After her brother's death in 1715, she was left without a home and plagued by debts he had incurred in financing their expensive publications. She tried to start a girls' school in Chelsea, but despite obtaining so many pupils that she had "scarcely time to eat", they only paid a groat (4d.) a week, and the school failed within six months. In 1718 she fled London and her creditors, leaving behind her books and a partial manuscript of Ælfric’s Catholic Homilies which she had translated. This was never published, and is now preserved at the British Library. She entrusted her papers to a friend who went to the West Indies, and the papers were lost.

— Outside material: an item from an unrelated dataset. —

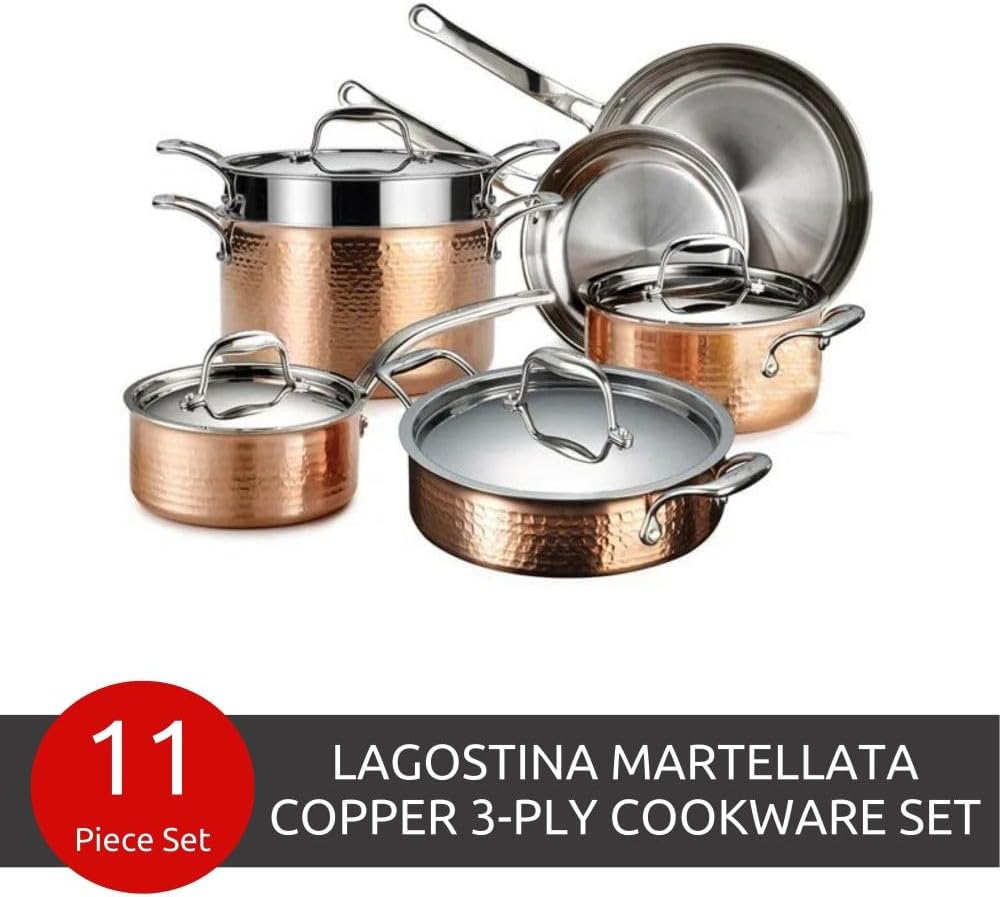 The Martellata Hammered Copper 11 Laptop. Set is impressed by generations of passionate Italian cooking. With a fantastic hammered copper exterior and a stainless-steel inside pans look beautiful within the kitchen and on the desk. The tri-ply stainless building offers even warmth all through your entire pan whereas the copper exterior heats and cools quickly–great for quick boiling or making delicate sauces. Topped with polished chrome steel lids and riveted handles, these pans look nice and are constructed to final for a lifetime of memorable meals. Pans are oven and broiler secure for versatile cooking. The set consists of all the fundamental pans you want to prepare dinner a scrumptious meal for a crowd: 8” skillet, 10” skillet, 2 Qt. Saucepan with lid, 3 Qt. Saucepan with lid, 3 Qt. Deep sauté with lid, 6 Qt. pastaiola with lid.

Elstob ended up in Evesham in rural Worcestershire. She lived there for many years dependent on her friends, running a small dame school under the assumed name of Frances Smith. Her whereabouts were apparently unknown to anyone in the scholarly community until 1735.

In the autumn of 1738 Elstob was introduced to the wealthy Margaret Bentinck, Duchess of Portland, and was made governess to her children, remaining in her service until her death, at Bulstrode Park, Buckinghamshire, on 30 May 1756. In her last years she lived "surrounded by the congenial elements of dirt and her books". She wrote in a letter that "this is not an Age to hope for any encouragement to Learning of any kind".

She was buried in the churchyard of St Margaret's, Westminster on 3 June 1756.